Pre-Nuptial Agreements - Not Just for the Rich

Pre-Nuptial Agreements - Not Just for the Rich

Pre-Nuptial Agreements - Not Just for the Rich
by Sharon L. Dyer, Esq.

When we think of Pre-Nuptial Agreements or read about them in the news, we generally think of movie stars, the rich and famous. However, even the less affluent should consider having a Pre-Nuptial Agreement before marriage.

Having a Pre-Nuptial Agreement, if drawn properly, can save a lot of uncertainty, aggravation and legal costs in the event couples ultimately divorce. Many marrying couples do not realize that once they marry they are in effect forming an economic partnership. Property acquired by either party after marriage, regardless of in whose name it is held, will be deemed marital property and subject to division upon divorce.
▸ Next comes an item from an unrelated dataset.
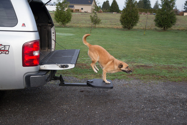 TWISTEP is an instant, multi-use step that helps your dog get in and out of your Pickup Truck easily. It attaches to the hitch receiver of your vehicle and stores under the bumper when not in use. TWISTEP provides your pet with lower-impact, lower-stress access into and out of a vehicle. Repeated jumping into and out of a vehicle can aggravate or even cause serious conditions like arthritis, leg injuries, back sprains and other spinal damage. And lifting a large dog into a vehicle isn't easy! TWISTEP can help dogs of all ages get into a vehicle. Young dogs can avoid unnecessary stress on growing hips and elbows. Active dogs can appreciate a step up at the end of a long day of hiking, hunting and other outdoor activities. And TWISTEP can help older dogs, who may suffer from arthritis and who can no longer enter a vehicle on their own. TWISTEP easily swivels out from under the vehicle in a few seconds just when you need it. And it tucks out of the way under the bumper when you don't. TWISTEP fits trucks with a 2" receiver hitch.

This can include an interest in a family business, appreciation in prior owned assets such as homes, retirement accounts or other assets. If it is not your intention to share everything with your future spouse on such a partnership basis, you need the protection of a Pre-Nuptial Agreement.

One of the most common times a Pre-Nuptial Agreement should be considered is when one spouse is involved in a family business. Another situation where parties really need to consider a Pre-Nuptial Agreement is where one wants to protect assets held by him or her prior to marriage, such as a home. If your new spouse moves into your house and contributes to an increase in value in that home, such as helping to pay for an addition or paying down a mortgage, your new spouse will be entitled to a percentage of the appreciation in value. Upon divorce it will be necessary to prove the value of the house at the time of marriage in addition to the appreciated value, and the litigation costs can be very high. A properly drawn Pre-Nuptial can restrict, limit or determine how those claims will be resolved.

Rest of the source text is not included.